Showing support for what is important to them. For SEG Development, this may be participating in the company’s benefit fair or supporting a charity that is connected to the company. In the community, this could entail taking part in various events that are sponsored by a city, town, or borough. I know of credit unions that have a big presence in 4th of July celebrations, town clean-up efforts, and holiday parades. If your credit union is consistent in this regard, people will start to notice. Keep in mind, however, that consistency is the key here. Don’t expect the floodgates to open if you attend just one event.

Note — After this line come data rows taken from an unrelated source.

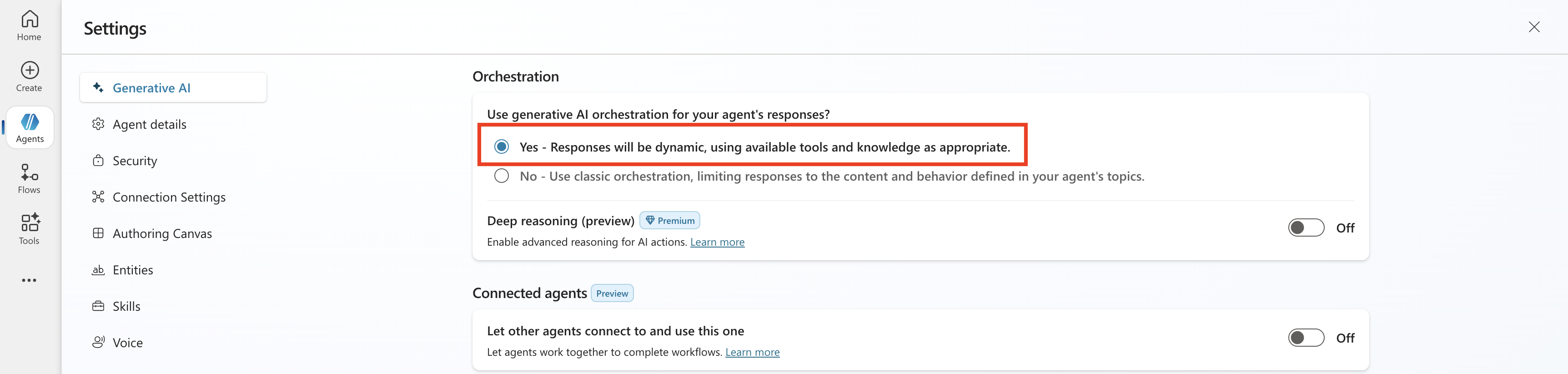 Ensure that you have enabled generative AI orchestration. To do this, select Settings that is located on the top of the chat pane and under Orchestration, select the first one.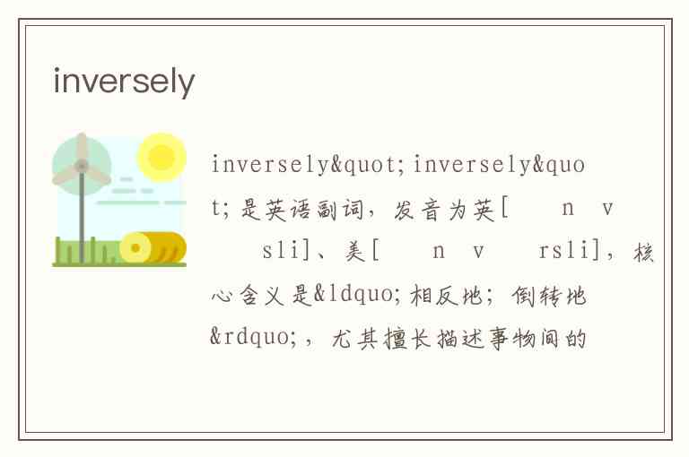 "inversely"是英语副词,发音为英[ˌɪnˈvɜːsli]、美[ˌɪnˈvɜːrsli],核心含义是“相反地;倒转地”,尤其擅长描述事物间的反向关联。它像一把精密的语言工具,在不同领域搭建起变量之间的动态关系桥梁。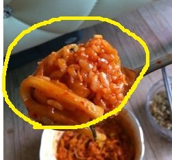 위에 사진에 노란색그린데까지 한번에 떠서 먹는다고 보면됨.
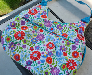 I love the wonderfully happy fabric (YAY COLOR) and matching zips.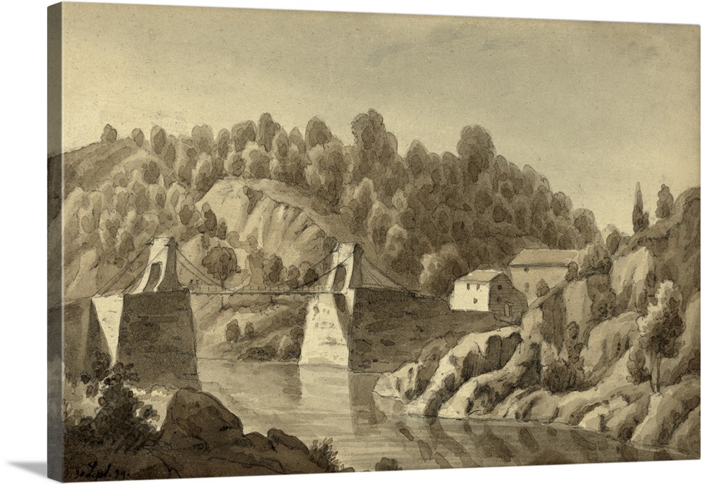 Bridge Art Classic Art Romanticism Drawing Grey Wall Art Illustrations River, Creek and Stream United States Virginia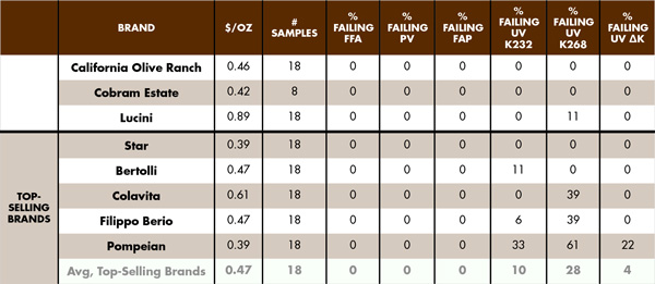 Our testing indicated that the samples failed extra virgin olive oil standards for reasons that include one or more of the following: (a) oxidation by exposure to elevated temperatures, light, and/or aging; (b) adulteration with cheaper refined olive oil; and (c) poor quality oil made from damaged and overripe olives, processing flaws, and/or improper oil storage.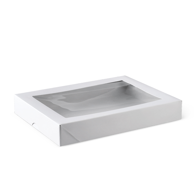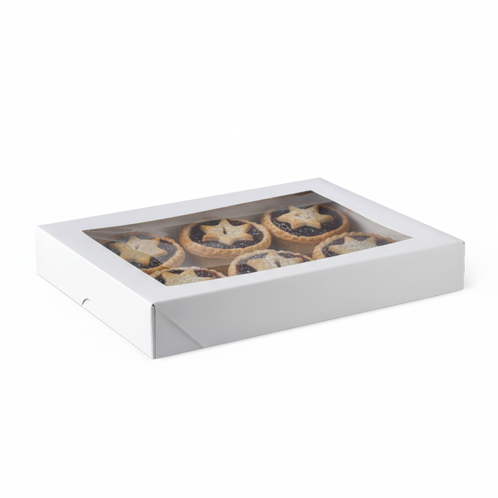 The Shallow Window Cake Box offers an elegant and practical way to present baked goods, desserts, and pastries. Featuring a clear window lid, it allows customers to view the contents while keeping them fresh and protected. Ideal for showcasing cakes, tarts, slices, and sweet treats, this flat, long patisserie-style box is made from sturdy food-grade board with a stylish white finish. Its low-profile design makes it perfect for fruit mince pies, catering trays, and delicate baked goods that deserve a premium presentation.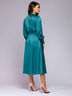 Платье длины миди цвета морской волны с драпировкой и длинными рукавами

Adding VALUE. SEGs should be able to clearly define the value that your credit union provides. That value proposition must go beyond low loan rates and high CD rates. Consumers expect much more. In a similar fashion, it takes considerable time and effort to demonstrate the value that a credit union can offer to the community it serves. In some ways, community value propositions are more difficult to craft since the target audience is more diverse than that of a single company. With SEGs, the company has hopefully already created the culture and ethic that resulted in success. While developing strong value propositions differ for SEG development and community development, the fact remains that, no matter who credit unions serve, they must demonstrate value.
Develop business. Develop people. That’s the way forward!